斥候の潜入はエリコの王に知らされ、王の使いたちがラハブの家に調査にきましたが、ラハブは二人の斥候をかくまい『彼らは確かに来たが、暗くなって城門が閉じられる前に出て行った」と言って欺いた。彼女はイスラエルの神に対する信仰を告白し (11節)、斥候を
『穏やかに受け入れ』(ヘブル11章31節)『別な道から送り出したためその行いによって義と認めらた』(ヤコブ2章25節)。彼女の行いは信仰の表れにほかならない。このラハブの物語は『罪深い女(遊女) に愛のまなざしを注がれたイエスの福音(ルカ7章36ー50節)
を彷彿させる。


二、崩れ落ちたエリコの城壁(ヨシュア6章1ー21節)
 二人の斥候は『主は、あの地をことごとく私たちの手に渡されました。そればかりか、あの地の住民はみな、私たちのことで震えおののいています』と報告した(2章24節)。
震えおののくエリコの住民は『イスラエル人の前に、城門を堅く閉ざして、だれひとり出入りする者がなかった』(1節)。主はヨシュアに奇妙な命令を下されます(6章3、4節)。
ヨシュアは言われた通りにしました。七日目に町を7回まわり7回目に祭司たちが角笛を吹いた時、民がいっせいにときの声を上げると、たちまち城壁が崩れ落ちた(20節)。

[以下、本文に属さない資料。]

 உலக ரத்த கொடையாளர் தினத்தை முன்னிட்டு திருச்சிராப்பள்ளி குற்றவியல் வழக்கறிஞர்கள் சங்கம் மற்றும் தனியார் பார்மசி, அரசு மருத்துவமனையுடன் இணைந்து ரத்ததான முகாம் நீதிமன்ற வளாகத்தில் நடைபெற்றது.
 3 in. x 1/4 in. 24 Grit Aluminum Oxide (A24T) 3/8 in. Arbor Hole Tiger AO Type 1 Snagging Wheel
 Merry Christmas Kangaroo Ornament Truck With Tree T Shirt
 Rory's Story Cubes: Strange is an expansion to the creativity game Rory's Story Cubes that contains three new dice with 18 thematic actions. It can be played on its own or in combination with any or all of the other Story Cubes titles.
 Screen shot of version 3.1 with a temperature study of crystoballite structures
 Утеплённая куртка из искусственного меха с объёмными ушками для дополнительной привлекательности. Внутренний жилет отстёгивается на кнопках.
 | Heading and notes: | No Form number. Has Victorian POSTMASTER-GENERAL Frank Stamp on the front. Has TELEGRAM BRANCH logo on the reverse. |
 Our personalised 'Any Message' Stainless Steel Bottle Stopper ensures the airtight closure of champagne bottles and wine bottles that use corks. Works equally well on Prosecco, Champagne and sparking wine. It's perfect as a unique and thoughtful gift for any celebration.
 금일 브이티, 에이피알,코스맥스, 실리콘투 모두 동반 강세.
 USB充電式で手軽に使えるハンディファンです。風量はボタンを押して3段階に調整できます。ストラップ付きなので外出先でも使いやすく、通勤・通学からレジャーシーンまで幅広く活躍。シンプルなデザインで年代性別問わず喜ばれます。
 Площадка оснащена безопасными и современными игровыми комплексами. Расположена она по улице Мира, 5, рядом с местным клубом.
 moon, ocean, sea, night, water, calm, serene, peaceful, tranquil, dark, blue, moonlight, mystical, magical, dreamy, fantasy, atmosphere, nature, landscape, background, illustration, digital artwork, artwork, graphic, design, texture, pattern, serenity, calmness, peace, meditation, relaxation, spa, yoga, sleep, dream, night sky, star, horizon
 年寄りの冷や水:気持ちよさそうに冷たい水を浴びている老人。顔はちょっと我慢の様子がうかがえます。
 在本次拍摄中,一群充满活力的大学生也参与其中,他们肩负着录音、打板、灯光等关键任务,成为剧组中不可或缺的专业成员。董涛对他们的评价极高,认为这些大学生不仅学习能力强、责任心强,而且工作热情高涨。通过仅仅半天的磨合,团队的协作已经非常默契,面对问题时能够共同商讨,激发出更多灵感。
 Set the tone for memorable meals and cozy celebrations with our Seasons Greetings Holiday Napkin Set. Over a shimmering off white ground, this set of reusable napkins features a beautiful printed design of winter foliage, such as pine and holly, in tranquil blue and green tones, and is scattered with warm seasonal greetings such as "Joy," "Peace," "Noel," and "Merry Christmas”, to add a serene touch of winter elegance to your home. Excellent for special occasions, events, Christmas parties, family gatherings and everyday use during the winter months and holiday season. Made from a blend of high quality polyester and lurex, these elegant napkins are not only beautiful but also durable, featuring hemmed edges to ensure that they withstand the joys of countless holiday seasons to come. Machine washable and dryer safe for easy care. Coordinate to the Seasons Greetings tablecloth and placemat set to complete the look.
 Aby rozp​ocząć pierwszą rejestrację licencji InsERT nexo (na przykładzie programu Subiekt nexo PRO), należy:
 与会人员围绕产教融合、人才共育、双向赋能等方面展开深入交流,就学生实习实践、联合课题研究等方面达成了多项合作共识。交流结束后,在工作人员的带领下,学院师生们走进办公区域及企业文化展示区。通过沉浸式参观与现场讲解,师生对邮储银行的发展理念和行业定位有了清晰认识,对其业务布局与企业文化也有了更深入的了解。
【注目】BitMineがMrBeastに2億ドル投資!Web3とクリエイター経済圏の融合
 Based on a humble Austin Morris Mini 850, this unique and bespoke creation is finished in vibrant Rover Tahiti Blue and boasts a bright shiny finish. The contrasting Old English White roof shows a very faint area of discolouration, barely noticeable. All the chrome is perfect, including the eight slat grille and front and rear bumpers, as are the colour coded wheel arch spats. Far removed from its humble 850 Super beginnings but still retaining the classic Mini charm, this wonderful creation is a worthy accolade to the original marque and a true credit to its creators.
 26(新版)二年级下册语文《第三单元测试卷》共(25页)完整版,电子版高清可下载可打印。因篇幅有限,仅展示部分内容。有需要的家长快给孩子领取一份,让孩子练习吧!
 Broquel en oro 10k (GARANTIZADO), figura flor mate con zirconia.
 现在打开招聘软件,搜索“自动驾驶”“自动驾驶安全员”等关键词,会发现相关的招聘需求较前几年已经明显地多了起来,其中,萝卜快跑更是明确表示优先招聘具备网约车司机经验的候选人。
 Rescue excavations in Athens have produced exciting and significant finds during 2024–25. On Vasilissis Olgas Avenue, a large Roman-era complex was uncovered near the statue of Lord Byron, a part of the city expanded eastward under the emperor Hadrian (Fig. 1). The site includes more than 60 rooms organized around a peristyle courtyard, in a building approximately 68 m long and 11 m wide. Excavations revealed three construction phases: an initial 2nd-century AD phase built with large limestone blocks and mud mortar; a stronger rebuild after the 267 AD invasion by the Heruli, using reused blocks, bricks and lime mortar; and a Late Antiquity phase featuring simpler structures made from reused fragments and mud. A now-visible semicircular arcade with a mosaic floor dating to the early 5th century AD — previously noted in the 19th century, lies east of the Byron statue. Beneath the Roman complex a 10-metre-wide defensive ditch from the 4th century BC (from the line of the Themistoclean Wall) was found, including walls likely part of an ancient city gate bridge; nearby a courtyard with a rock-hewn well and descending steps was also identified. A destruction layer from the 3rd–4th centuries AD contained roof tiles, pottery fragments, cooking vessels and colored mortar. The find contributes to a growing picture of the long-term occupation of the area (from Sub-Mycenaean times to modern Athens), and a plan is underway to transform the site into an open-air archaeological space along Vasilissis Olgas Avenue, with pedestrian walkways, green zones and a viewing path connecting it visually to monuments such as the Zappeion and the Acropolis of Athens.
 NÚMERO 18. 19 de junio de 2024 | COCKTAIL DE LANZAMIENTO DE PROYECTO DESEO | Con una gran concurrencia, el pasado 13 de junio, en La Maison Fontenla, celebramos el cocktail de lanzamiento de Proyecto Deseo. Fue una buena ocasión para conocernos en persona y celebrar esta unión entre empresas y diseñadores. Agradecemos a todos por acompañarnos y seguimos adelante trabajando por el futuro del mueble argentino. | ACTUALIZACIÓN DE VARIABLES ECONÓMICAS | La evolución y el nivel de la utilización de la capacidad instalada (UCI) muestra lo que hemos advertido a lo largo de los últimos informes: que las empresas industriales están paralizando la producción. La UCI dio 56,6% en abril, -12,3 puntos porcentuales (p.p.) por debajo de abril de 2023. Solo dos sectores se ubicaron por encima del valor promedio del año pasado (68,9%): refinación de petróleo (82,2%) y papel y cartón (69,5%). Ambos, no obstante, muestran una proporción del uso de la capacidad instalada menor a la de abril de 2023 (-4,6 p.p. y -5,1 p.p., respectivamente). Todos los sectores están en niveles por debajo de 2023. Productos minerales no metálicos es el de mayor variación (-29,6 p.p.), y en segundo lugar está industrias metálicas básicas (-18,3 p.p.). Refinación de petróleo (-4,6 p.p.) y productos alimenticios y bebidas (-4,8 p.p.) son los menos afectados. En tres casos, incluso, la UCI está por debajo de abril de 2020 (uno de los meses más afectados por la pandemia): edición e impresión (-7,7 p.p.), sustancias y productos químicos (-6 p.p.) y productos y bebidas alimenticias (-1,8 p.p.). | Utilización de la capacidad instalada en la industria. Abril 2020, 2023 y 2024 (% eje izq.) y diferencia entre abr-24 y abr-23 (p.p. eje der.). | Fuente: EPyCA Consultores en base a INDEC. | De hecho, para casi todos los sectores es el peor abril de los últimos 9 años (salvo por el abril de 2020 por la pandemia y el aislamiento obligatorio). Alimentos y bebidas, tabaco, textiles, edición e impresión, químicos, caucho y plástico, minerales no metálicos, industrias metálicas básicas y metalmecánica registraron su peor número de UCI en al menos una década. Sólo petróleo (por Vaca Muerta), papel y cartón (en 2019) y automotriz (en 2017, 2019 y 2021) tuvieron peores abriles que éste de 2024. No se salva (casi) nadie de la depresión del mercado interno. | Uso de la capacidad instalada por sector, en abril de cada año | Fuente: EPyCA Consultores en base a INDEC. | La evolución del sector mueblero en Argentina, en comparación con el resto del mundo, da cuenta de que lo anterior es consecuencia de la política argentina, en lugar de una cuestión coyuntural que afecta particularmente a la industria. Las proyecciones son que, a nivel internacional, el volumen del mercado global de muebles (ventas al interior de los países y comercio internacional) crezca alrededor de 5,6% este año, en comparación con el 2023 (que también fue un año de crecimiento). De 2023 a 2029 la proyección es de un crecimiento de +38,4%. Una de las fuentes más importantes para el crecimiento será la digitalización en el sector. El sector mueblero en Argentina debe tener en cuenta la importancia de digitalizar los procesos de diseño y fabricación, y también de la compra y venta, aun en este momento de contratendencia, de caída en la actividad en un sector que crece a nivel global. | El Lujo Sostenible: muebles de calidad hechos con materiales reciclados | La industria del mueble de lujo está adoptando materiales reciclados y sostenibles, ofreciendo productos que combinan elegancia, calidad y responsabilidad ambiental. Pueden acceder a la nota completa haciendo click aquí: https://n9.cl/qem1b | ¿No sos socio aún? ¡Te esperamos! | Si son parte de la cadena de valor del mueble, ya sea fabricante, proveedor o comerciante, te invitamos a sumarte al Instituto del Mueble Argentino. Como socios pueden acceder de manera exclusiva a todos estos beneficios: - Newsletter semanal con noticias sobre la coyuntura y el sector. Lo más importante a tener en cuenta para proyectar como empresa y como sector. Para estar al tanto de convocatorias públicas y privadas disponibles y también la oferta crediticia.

戦わずしてイスラエルは勝利を納めたのです。先頭を行く(主の箱) が象徴する主ご自身が、
ご自身への信頼の行為の故に、エリコの町をイスラエルの手に渡されたのです。
(ヘブル書11章30節)を読みましょう。


三、エリコの聖絶とラハブの解放(6章22ー27節)
 ラハブとその一族を除いて、エリコの『町と町の中のすべてのものを、主のために聖絶しなさい』と命じられた (17節)。『聖絶』とは一般的な用途に当てることを禁じ、神のために聖別すること、あるいは、そのささげられたものを意味する。このため金銀などの貴金属、青銅や鉄の器は聖所の宝物倉に納められたが、町とその中のすべての人や物が主に帰するものとして火で焼かれた(24節)。『聖絶』の目的は、カナンの先住民族の腐敗した宗教的慣習にイスラエル人が染まることを断固として防ぐことにありました。
(申命記20章18節)。ラハブは斥候をかくまったことでこの聖絶から免れたのです(23節)。
そのラハブの子孫として世に来られたイエス・キリスト(マタイ1章5節 参照) によって聖絶思想は完全に克服されています。キリストが十字架の死をもって敵意を葬られたからです (エペソ2章16節)。